Material for this exercise:
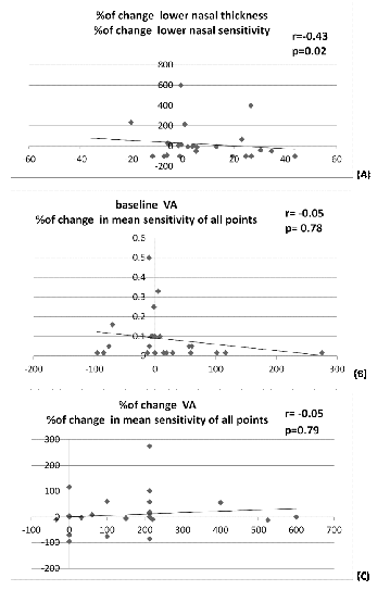 Figure 2 Line graph showing linear correlations between percentage of change in point thickness and percentage of change in point sensitivity of lower nasal quadrant (A),baseline visual acuity and percentage of change in mean point sensitivity (B), percentage of change in visual acuity and the percentage of change in mean point sensitivity (C).
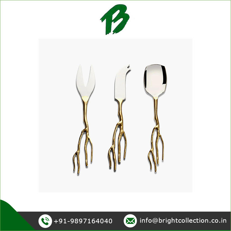 ชุดเครื่องมือชีสสีเงินด้ามจับทองเหลืองคุณภาพดีเยี่ยมสำหรับภาชนะใส่อาหารมีจำหน่ายสำหรับผู้ซื้อจำนวนมาก
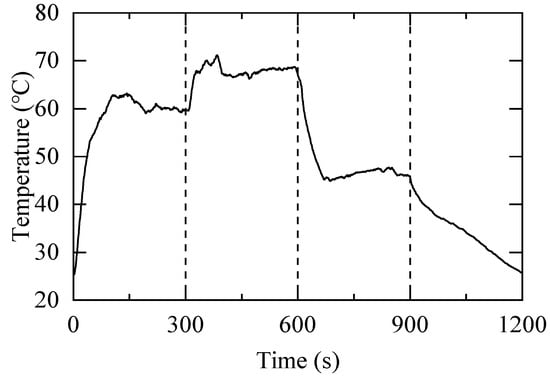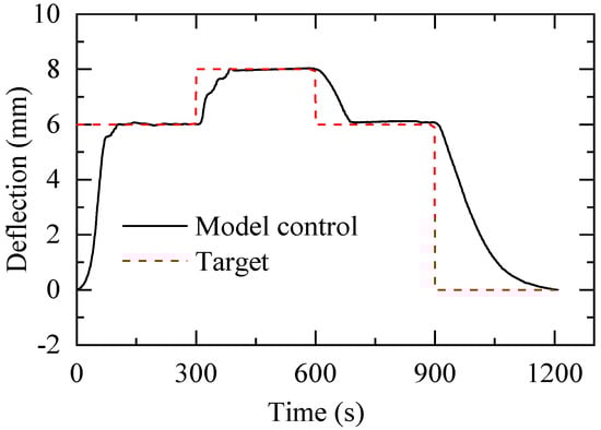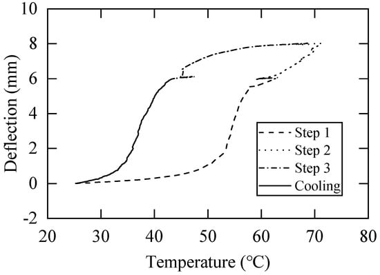 The temperature change in the model control process is shown in Figure 18. The temperature of the SMA-based actuator starts at 25 °C, and the deflection at its upper edge starts at 0 mm. After about 100 s, the first control target is completed, the deflection is stabilized at 6 mm, and the temperature is also stabilized at 60 °C. In the next step, the temperature continues rising. After about 100 s, the deflection is stabilized at 8 mm, and the temperature is stabilized at 69 °C. In order to achieve the last target deflection, the heating process is temporarily stopped until the temperature approaches 45.5 °C in Step 3, and the deflection is stabilized at 6 mm. The temperature–deflection data of model control results are shown in Figure 19. There are no obvious hysteresis loops in the whole control process.
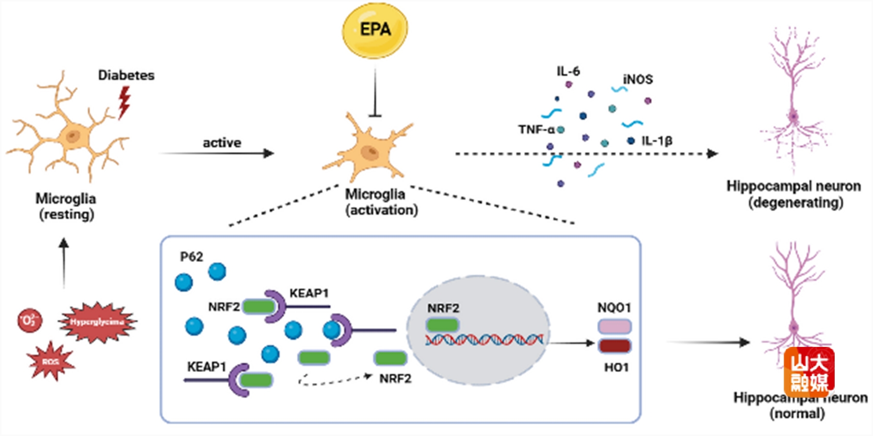 发表在Food &Function的封面文章显示,EPA可通过活化P62/KEAP1/NRF2信号通路延缓糖尿病小鼠认知功能障碍进展。
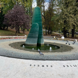 Great Park - Monument dedicated to children killed in the period from 1992-1995, Sculpture Nermin showing Father Rama calling his son, Nermin to surrender, hoping that Serbian soldiers will not hurt them, and scrolls with names of all children killed during the period from 1992-1995.

Work item:
When copying the listing above, begin at its first line and stop after the line with "ชุดเครื่องมือช", keeping each line exact and dropping the pictures.

Task result:
 Figure 2 Line graph showing linear correlations between percentage of change in point thickness and percentage of change in point sensitivity of lower nasal quadrant (A),baseline visual acuity and percentage of change in mean point sensitivity (B), percentage of change in visual acuity and the percentage of change in mean point sensitivity (C).
 ชุดเครื่องมือชีสสีเงินด้ามจับทองเหลืองคุณภาพดีเยี่ยมสำหรับภาชนะใส่อาหารมีจำหน่ายสำหรับผู้ซื้อจำนวนมาก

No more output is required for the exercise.